GIVEN DATA section start

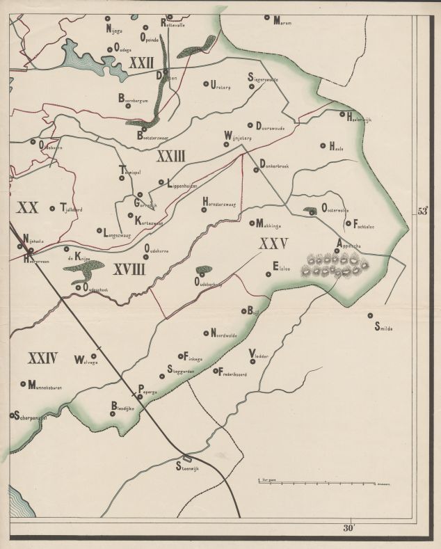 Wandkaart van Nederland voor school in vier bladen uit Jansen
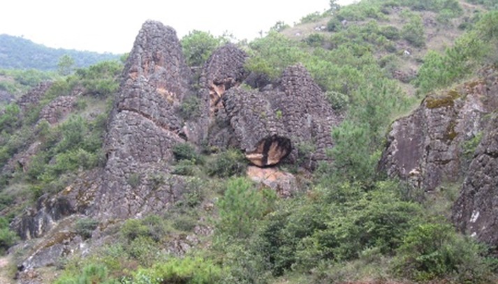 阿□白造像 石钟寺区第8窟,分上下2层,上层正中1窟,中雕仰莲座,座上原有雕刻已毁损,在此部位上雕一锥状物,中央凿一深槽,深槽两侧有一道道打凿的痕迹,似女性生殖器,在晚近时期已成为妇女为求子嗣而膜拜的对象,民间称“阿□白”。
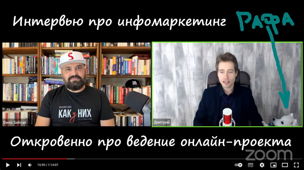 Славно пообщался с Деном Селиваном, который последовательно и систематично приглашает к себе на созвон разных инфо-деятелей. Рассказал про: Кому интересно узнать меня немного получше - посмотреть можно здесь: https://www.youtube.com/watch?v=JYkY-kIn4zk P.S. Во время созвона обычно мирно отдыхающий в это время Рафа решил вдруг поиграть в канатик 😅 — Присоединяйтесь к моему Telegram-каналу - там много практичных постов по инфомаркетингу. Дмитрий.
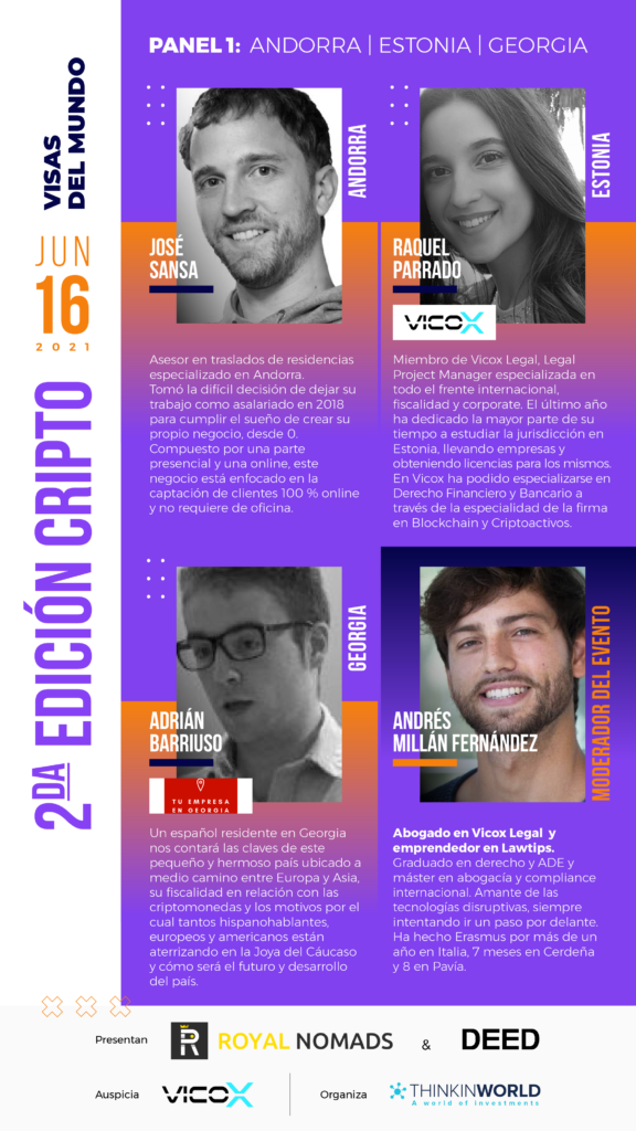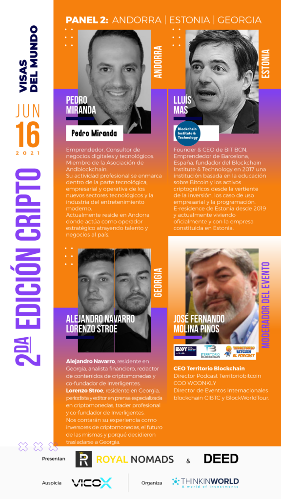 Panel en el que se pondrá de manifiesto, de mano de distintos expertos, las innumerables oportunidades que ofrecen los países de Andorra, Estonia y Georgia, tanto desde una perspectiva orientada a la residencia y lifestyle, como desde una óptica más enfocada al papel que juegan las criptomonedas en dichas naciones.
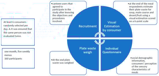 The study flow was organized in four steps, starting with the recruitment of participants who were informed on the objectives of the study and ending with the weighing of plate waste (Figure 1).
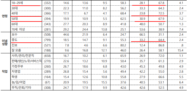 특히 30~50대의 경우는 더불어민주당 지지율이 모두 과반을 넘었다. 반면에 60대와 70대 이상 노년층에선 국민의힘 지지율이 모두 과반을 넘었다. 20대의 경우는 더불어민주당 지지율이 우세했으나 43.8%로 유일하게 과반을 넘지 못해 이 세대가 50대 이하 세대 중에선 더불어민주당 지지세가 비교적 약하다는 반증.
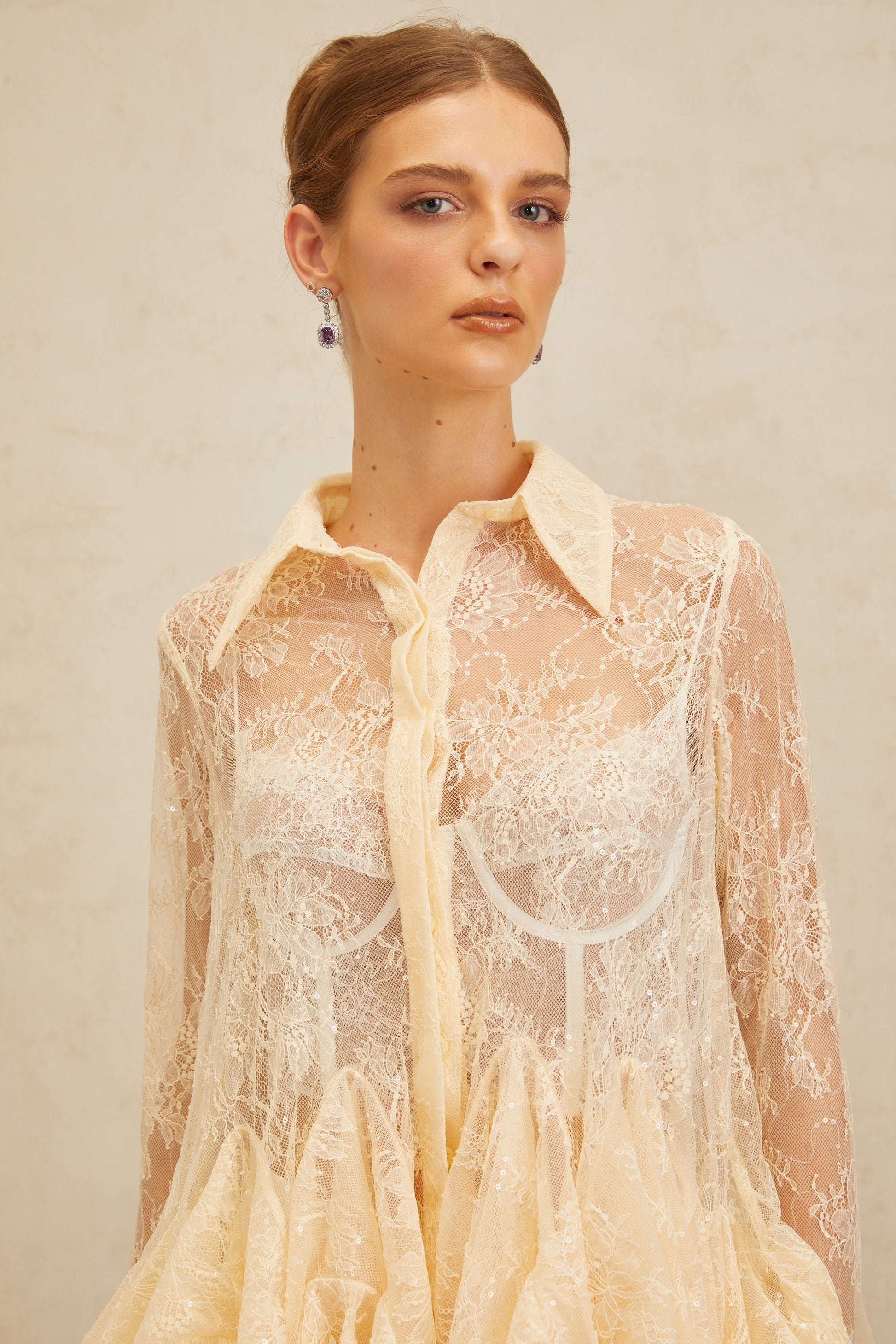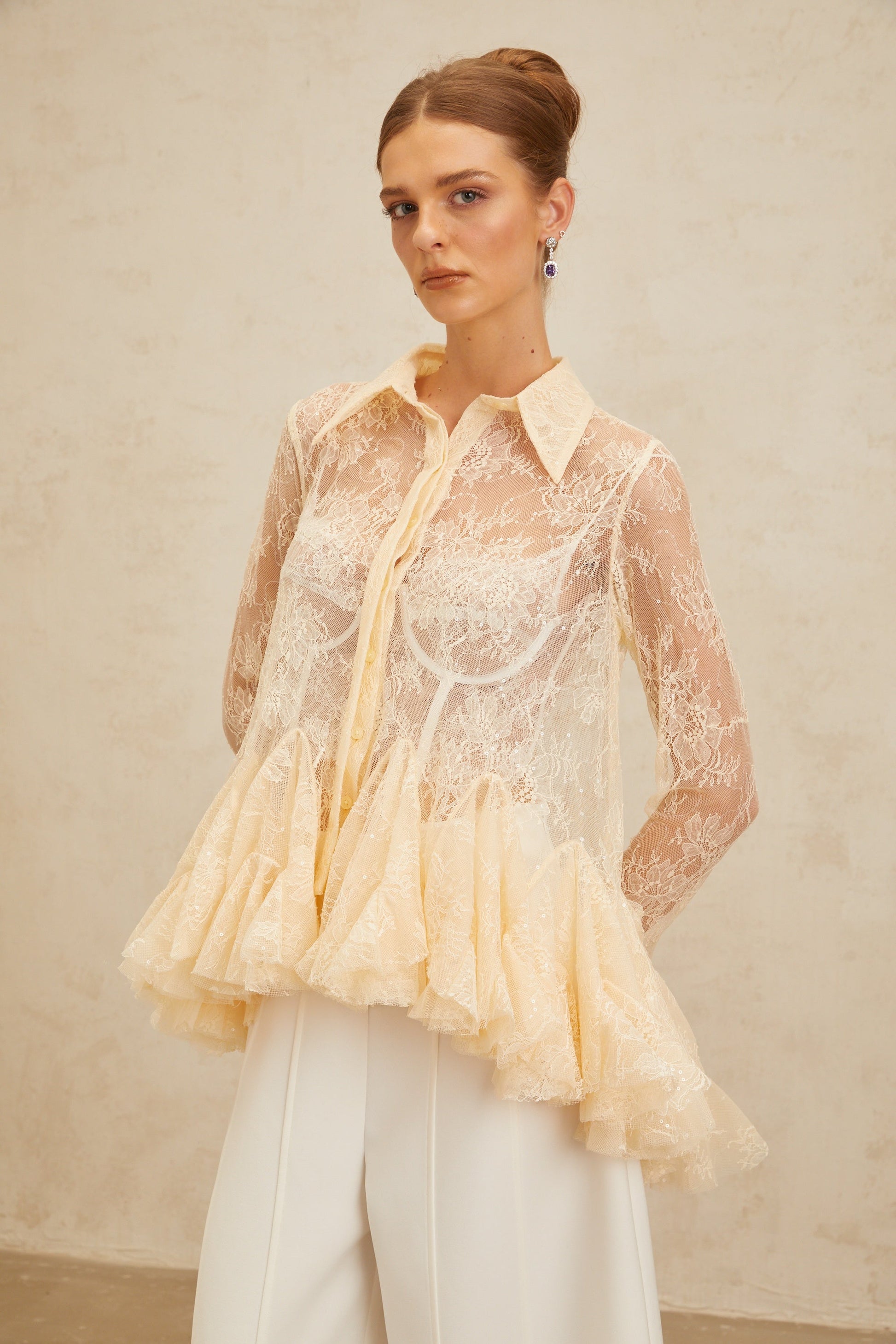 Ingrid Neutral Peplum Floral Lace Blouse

GIVEN DATA section end

From the first line to the last, repeat the records exactly and skip the pictures.

 Wandkaart van Nederland voor school in vier bladen uit Jansen
 阿□白造像 石钟寺区第8窟,分上下2层,上层正中1窟,中雕仰莲座,座上原有雕刻已毁损,在此部位上雕一锥状物,中央凿一深槽,深槽两侧有一道道打凿的痕迹,似女性生殖器,在晚近时期已成为妇女为求子嗣而膜拜的对象,民间称“阿□白”。
 Славно пообщался с Деном Селиваном, который последовательно и систематично приглашает к себе на созвон разных инфо-деятелей. Рассказал про: Кому интересно узнать меня немного получше - посмотреть можно здесь: https://www.youtube.com/watch?v=JYkY-kIn4zk P.S. Во время созвона обычно мирно отдыхающий в это время Рафа решил вдруг поиграть в канатик 😅 — Присоединяйтесь к моему Telegram-каналу - там много практичных постов по инфомаркетингу. Дмитрий.
 Panel en el que se pondrá de manifiesto, de mano de distintos expertos, las innumerables oportunidades que ofrecen los países de Andorra, Estonia y Georgia, tanto desde una perspectiva orientada a la residencia y lifestyle, como desde una óptica más enfocada al papel que juegan las criptomonedas en dichas naciones.
 The study flow was organized in four steps, starting with the recruitment of participants who were informed on the objectives of the study and ending with the weighing of plate waste (Figure 1).
 특히 30~50대의 경우는 더불어민주당 지지율이 모두 과반을 넘었다. 반면에 60대와 70대 이상 노년층에선 국민의힘 지지율이 모두 과반을 넘었다. 20대의 경우는 더불어민주당 지지율이 우세했으나 43.8%로 유일하게 과반을 넘지 못해 이 세대가 50대 이하 세대 중에선 더불어민주당 지지세가 비교적 약하다는 반증.
 Ingrid Neutral Peplum Floral Lace Blouse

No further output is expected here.